The house ought to function as a whole and not be allowed to continue to be polarised along party lines. The Deputy Chairman, House Committee on Media and Publicity, Hon. Jonathan Gaza recognises this fact when he answered a reporter’s question thus: ‘Time has been wasted on several things … when you walk into that chamber, it’s not about parties anymore. We swore allegiance to the Federal Republic of Nigeria, not to our respective parties. It is therefore about the progress of Nigeria. The wheel of governance is spinning and Nigeria would begin its upward move’.

The same sentiments run deep in the Senate President, Senator Bukola Saraki’s speech at the inauguration of the House of Representatives Committees, when he said: ‘To all Nigerians I say this. As your representatives, we owe you not only our hard-work, but our judgment. This National Assembly will not be a parliament of ambassadors from different and hostile interests; which interests we maintain as agents and advocates against one another in perpetual conflict.

‘Rather, the 8th National Assembly will remain a united, deliberative assembly of one nation, with one interest, that of the whole nation, not local prejudices or affiliations but working for the public good with collective purpose’.

The Speaker, himself, guided by his belief that the house should remain one, insists that no ‘juicy’ considerations were taken into cognizance when committees were set up. He maintained that the only consideration was service to Nigeria.

‘Let me use this opportunity to restate that there is nothing like juicy committee or non-juicy committee. I personally do not understand what is meant by that. If it means opportunity to contribute, we can assure you that every member of a committee would enjoy ample and equal opportunity.

‘Every committee of the House is very important and is designed to handle specific functions for the House and on behalf of the Nigerian people who elected us’, the Speaker said at the inauguration.

The National Assembly must realise that the Nigerian people that elected this government are getting quite impatient. They want action; they want a speedy resolution of our country’s myriad of problems; they want a turn for the better for their impoverished lives. They are tired of the bickering and infightings that have continued to dog the house. Nigerians can never again be taken for a ride by any government. So, the earlier the governing APC gets its acts together, especially the legislature, the better for the party and the government it is currently running.

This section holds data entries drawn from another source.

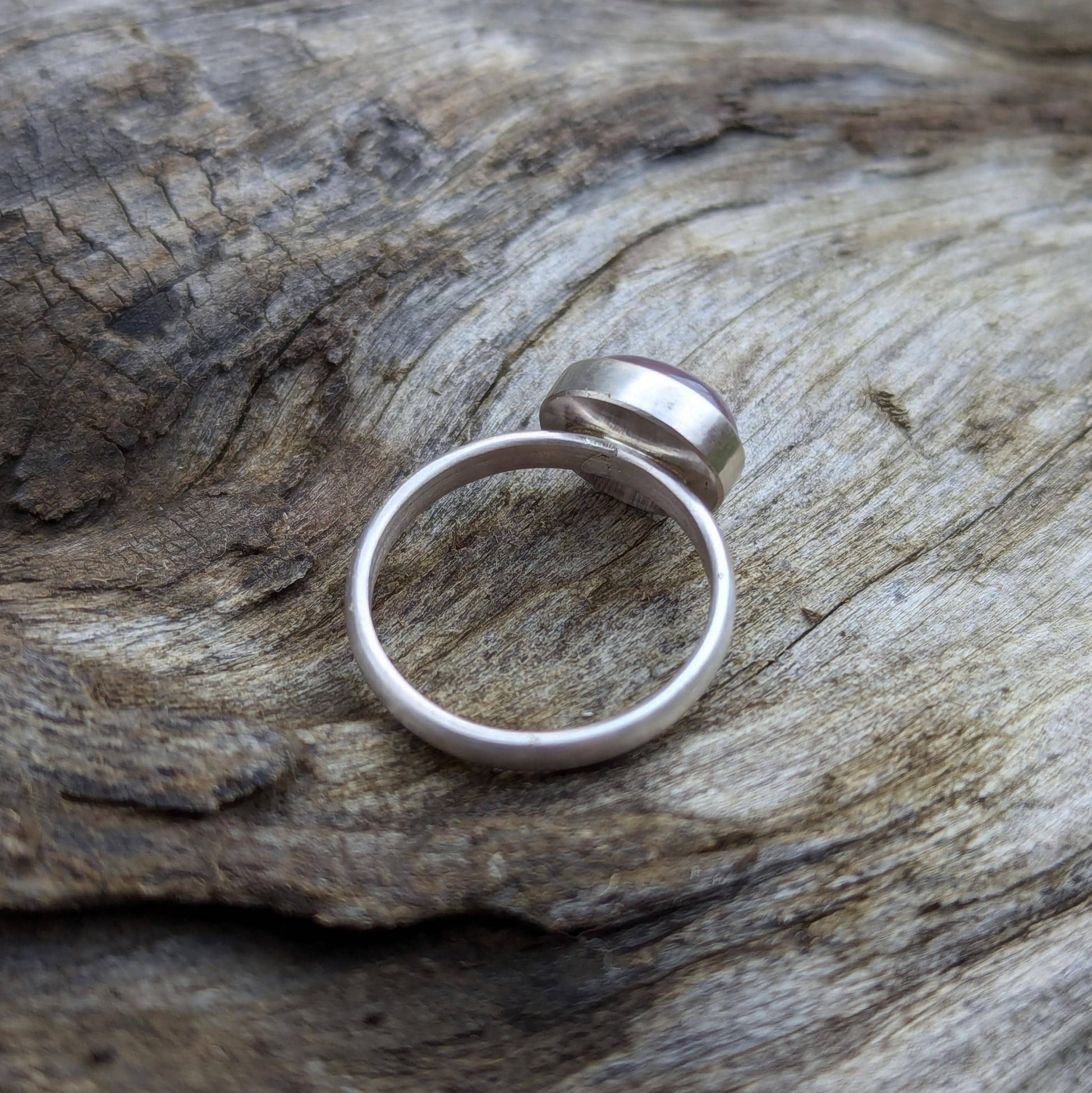 This beautiful purple chalcedony oval cabochon is set in a simple sterling silver bezel and given a brushed finish. The deep purple color provides a feeling of calmness and tranquility. The ring band is smooth and comfortable to wear. The ring itself is closed and attached to the back of the bezel so this would pair well with some stacking rings.
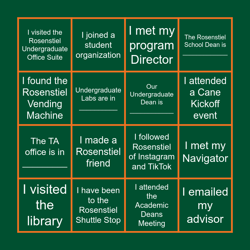 This bingo card has 16 words: I have been to the Rosenstiel Shuttle Stop, I met my Navigator, I met my program Director, I visited the Rosenstiel Undergraduate Office Suite, The TA office is in _________, I joined a student organization, I followed Rosenstiel of Instagram and TikTok, I attended the Academic Deans Meeting, I found the Rosenstiel Vending Machine, Undergraduate Labs are in __________, I visited the library, The Rosenstiel School Dean is _____________, I made a Rosenstiel friend, I attended a Cane Kickoff event, Our Undergraduate Dean is ____________ and I emailed my advisor.
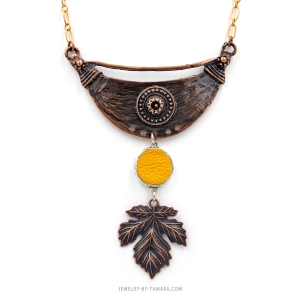 Honey yellow leather in bezel setting
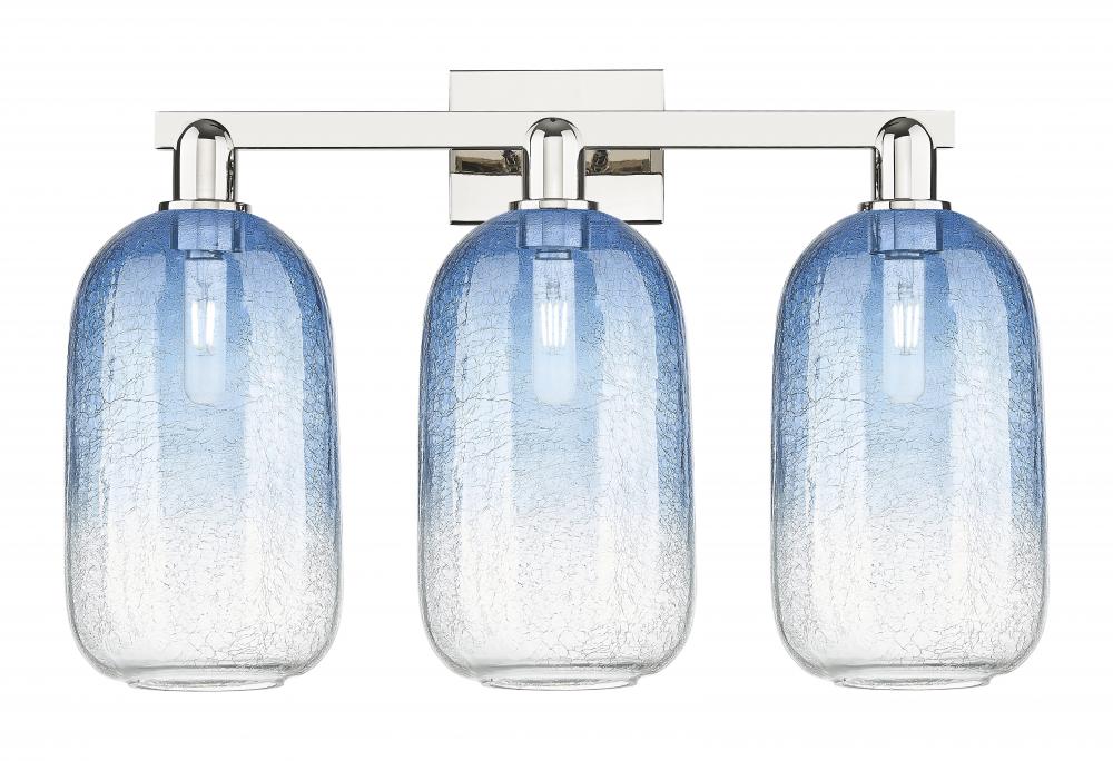 Brookhaven Cloche - 3 Light - 26 inch - Polished Nickel - Sapphire Blue Brookhaven Cloche Shade - Bath Vanity Light
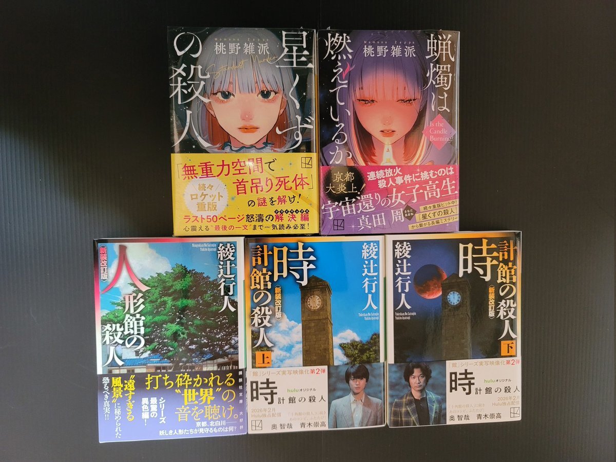 #今日買った・届いた本を紹介する 今日の #自宅図書館 は5冊増。 ずっと気になってた「星くずの殺人」読めないうちに続編まで文庫化しちゃったので、まとめて購入😅 そして、改めて集め始めた館シリーズ。 #星くずの殺人 #蝋燭は燃えているか #桃野雑派 #人形館の殺人 #時計館の殺人 #綾辻行人 pic.x.com/l2WIbPVc0e
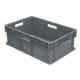 Containers are constructed from injection-molded, industrial-grade polymers with 1" stacking rims and external ribbing for maximum strength and durability.
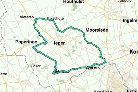 Golvend-via Zonnebeke-Reninge-Vlamertinge-Poperinge-Dikkebus-Wulvergem-Mesenberg.
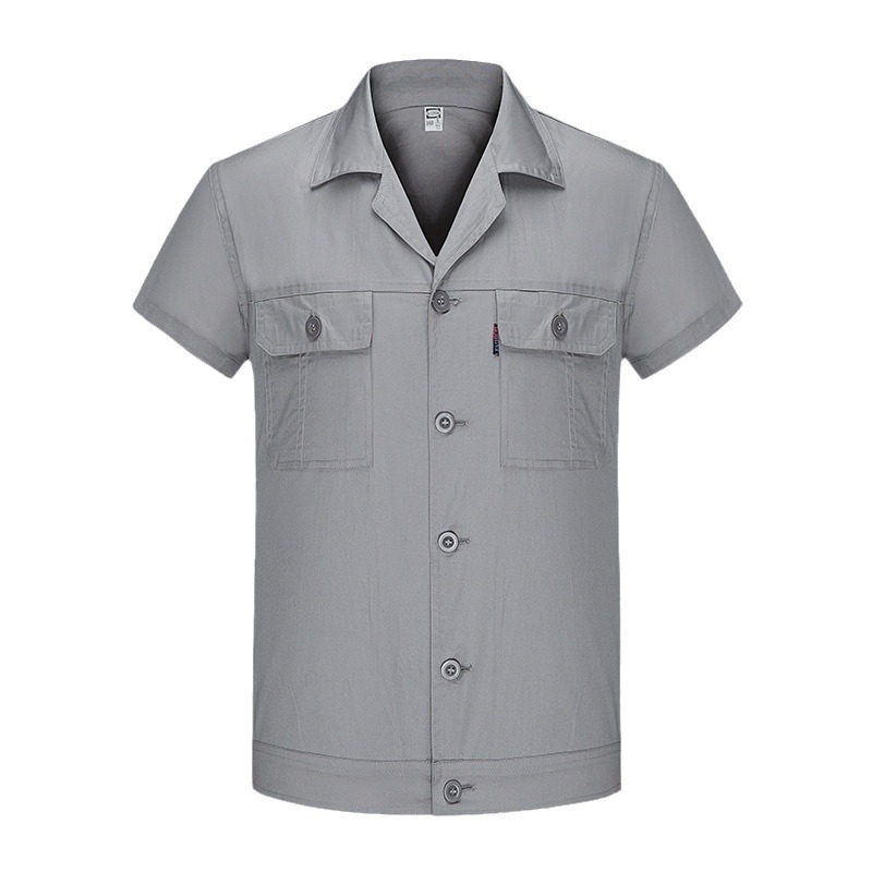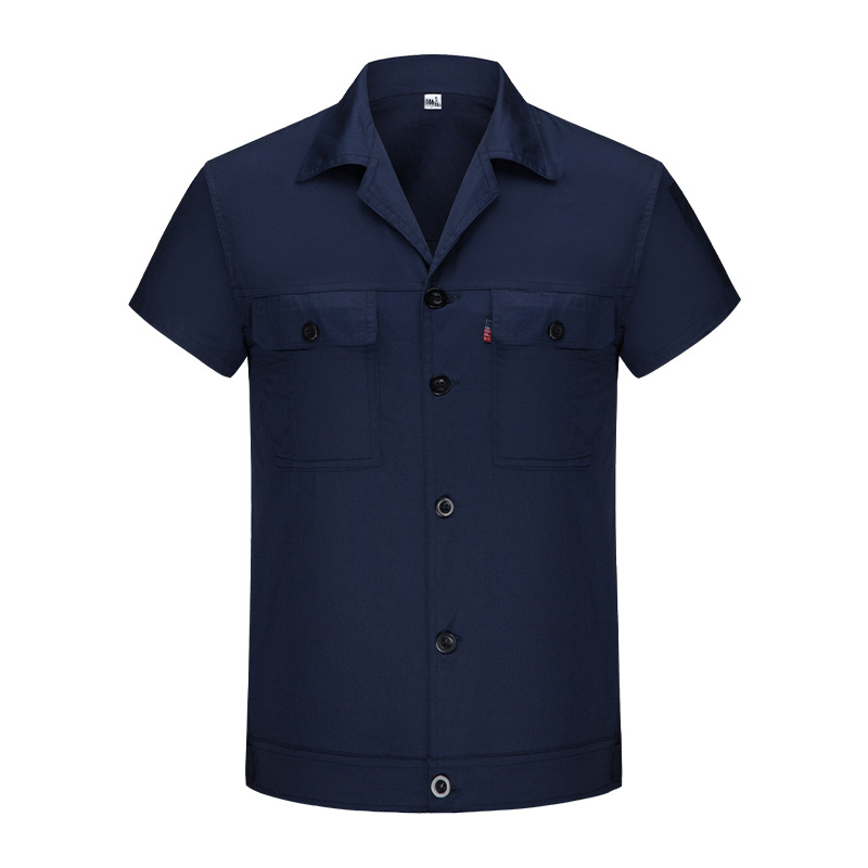 现货工服 工装厂服 上新纯棉细斜纹春夏系扣款短袖工作服套装6018
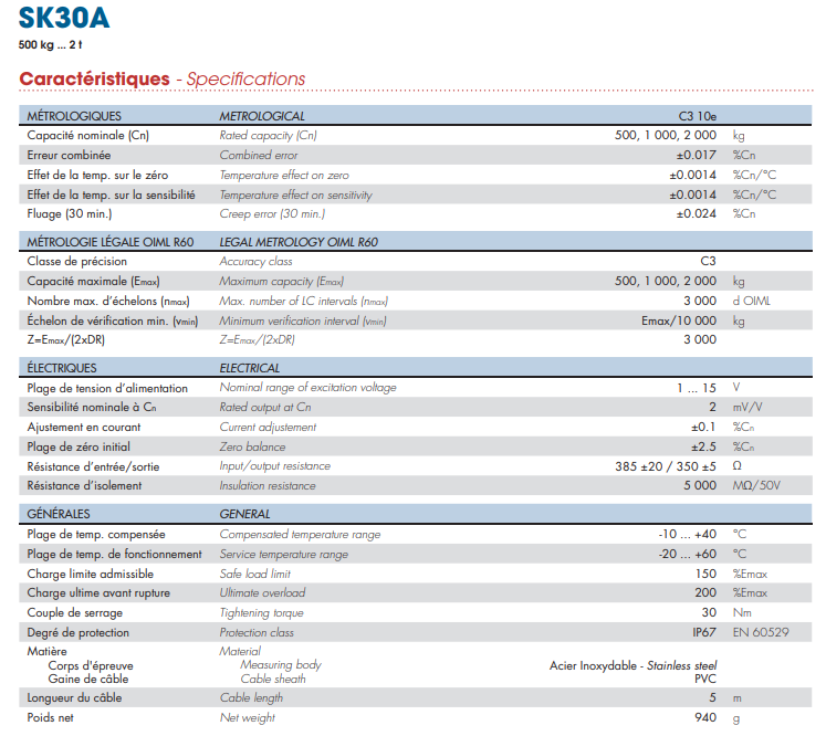 SK30A-500KG稱重傳感器法國(guó)Scaime
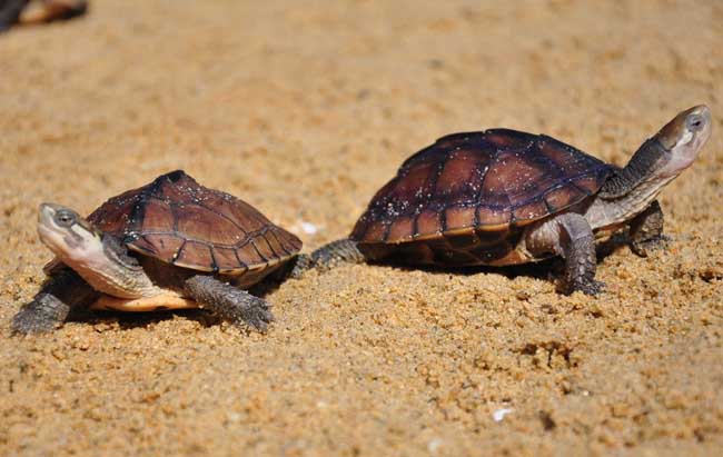 12、猪鼻龟:猪鼻龟也叫大洋洲猪鼻龟,别名飞河龟,是两爪鳖科下两爪鳖属的唯一一种。其分布局限于澳大利亚北部,伊里安查亚南部和新几内亚南部,为两爪鳖科内硕果仅存的一个品种。2004年,首次登上世界自然基金会公布十大濒危物种的前十名。
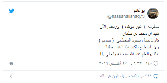 وشدد مجددا على عدم إمكانيته التأكد من هذه المعلومة في تغريدة أخرى قال فيها: ”مازلت أكرر المعلومة غير مؤكدة وفي انتظار ماسيتم الاعلان عنه صدق ام مجرد اشاعة”

Nigerians want the house to get down to work. They believe that the fight for ‘juicy’ committees is not in the interest of Nigerians, but that of the privileged members of the house.

Now that the House has fully taken off, let the lawmakers move on and work for the Nigerian people. Indeed, it is time for both the Dogara and Gbajabiamila tendencies in the House of Representatives to come together and give Nigerians quality representation for which they were elected. Nigerians want nothing less, nothing more!